You can check in the `repositories.bzl` file to version control, and load that instead.
This makes it easier to ship a ruleset that has its own npm dependencies, as users don't
have to install those dependencies. It also avoids eager-evaluation of `npm_translate_lock`
for builds that don't need it.
This is similar to the [`update-repos`](https://github.com/bazelbuild/bazel-gazelle#update-repos)
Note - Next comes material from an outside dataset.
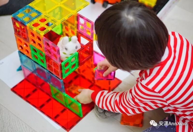 由此,磁力片是从1岁半开始,一直到入学以后的大孩子,都可以玩的,是跨年龄度比较高的搭建类玩具。

approach from bazel-gazelle.
The tradeoffs are similar to
[this rules_python thread](https://github.com/bazelbuild/rules_python/issues/608).
In a BUILD file, use a rule like
[write_source_files](https://github.com/aspect-build/bazel-lib/blob/main/docs/write_source_files.md)
to copy the generated file to the repo and test that it stays updated:
```starlark
write_source_files(
name = "update_repos",
files = {
"repositories.bzl": "@npm//:repositories.bzl",
},
)
```
Then in `WORKSPACE`, load from that checked-in copy or instruct your users to do so.